A Typical Day Includes

  • Serves as lead drug supply manager of multiple small and/or less complex clinical studies for the functional area in supply planning, including demand forecasting according to IOPS requirements.
  • Manages supply planning and timelines to ensure alignment with study plans and timelines and overall clinical development plan.
  • Manages and oversees investigational product (IP) inventory strategy; advises supply management team of potential shortages and defines resupply activities based on usage trends and projections.
  • Oversees IP shipment orders according to supply plans or as requested by Clinical Trial Management team, to ensure timely and compliant shipment and delivery to investigator sites. Works with Clinical Logistics Associate to complete this activity and/or manages any/all aspects of the process.
  • Working knowledge and experience with Interactive Response Technologies (IRT) such as IVRS and IWRS.

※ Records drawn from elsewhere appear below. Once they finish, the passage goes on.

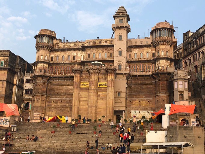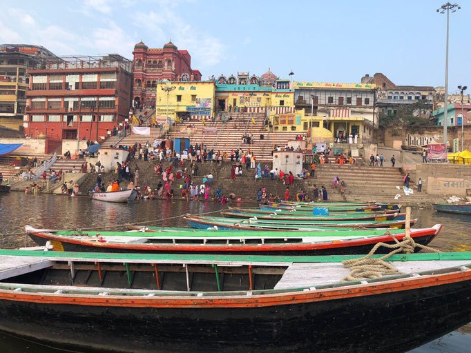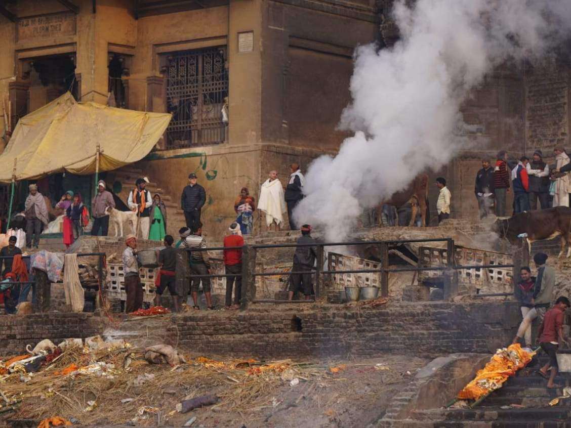 Каменные ступенчатые сооружения вдоль берегов Ганги называются гхатами, они служат для ритуального омовения, там же проходит кремация. Дым погребального костра мы видели лишь издалека.
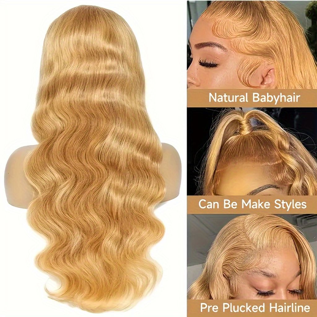27# Honey Blonde Wig Highlight Ombre Blonde 13x6 HD Lace Front Wigs Human Hair Honey Blonde Lace Front Wig Colored Body Wave Pre Plucked Baby Hair Glueless for Black Women
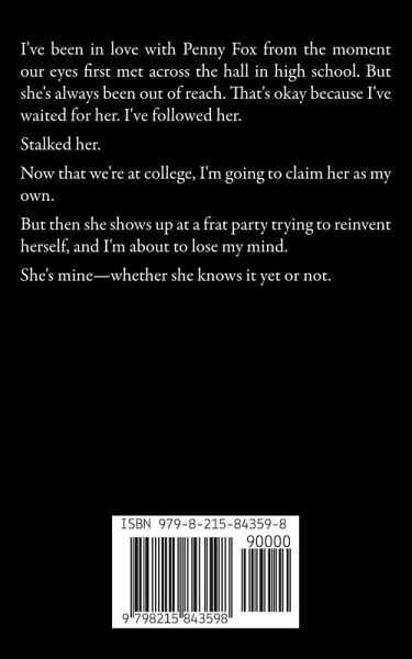 I've been in love with Penny Fox from the moment our eyes first met across the hall in high school. But she's always been out of reach. That's okay because I've waited for her. I've followed her. Stalked her. Now that we're at college, I'm going to claim her as my own. But then she shows up at a frat party trying to reinvent herself, and I'm about to lose my mind. She's mine-whether she knows it yet or not.

This Job May Be For You If

  • You are a strong collaborator and can effectively communicate globally
  • You are able to work in ambiguous environments
  • You have a robust amount of knowledge in supply chain and able to forecast logistical matters


To be considered, we are looking for you to have 5+ years of Life Science experience and 4 years of clinical supply management. Lastly, we expect you to be onsite a few days a week in one of our offices.

Does this sound like you? Apply now to take your first step towards living the Regeneron Way! We have an inclusive and diverse culture that provides comprehensive benefits, which often include (depending on location) health and wellness programs, fitness centers, equity awards, annual bonuses, and paid time off for eligible employees at all levels!

Regeneron is an equal opportunity employer and all qualified applicants will receive consideration for employment without regard to race, color, religion or belief (or lack thereof), sex, nationality, national or ethnic origin, civil status, age, citizenship status, membership of the Traveler community, sexual orientation, disability, genetic information, familial status, marital or registered civil partnership status, pregnancy or parental status, gender identity, gender reassignment, military or veteran status, or any other protected characteristic in accordance with applicable laws and regulations. The Company will also provide reasonable accommodation to the known disabilities or chronic illnesses of an otherwise qualified applicant for employment, unless the accommodation would impose undue hardship on the operation of the Company's business.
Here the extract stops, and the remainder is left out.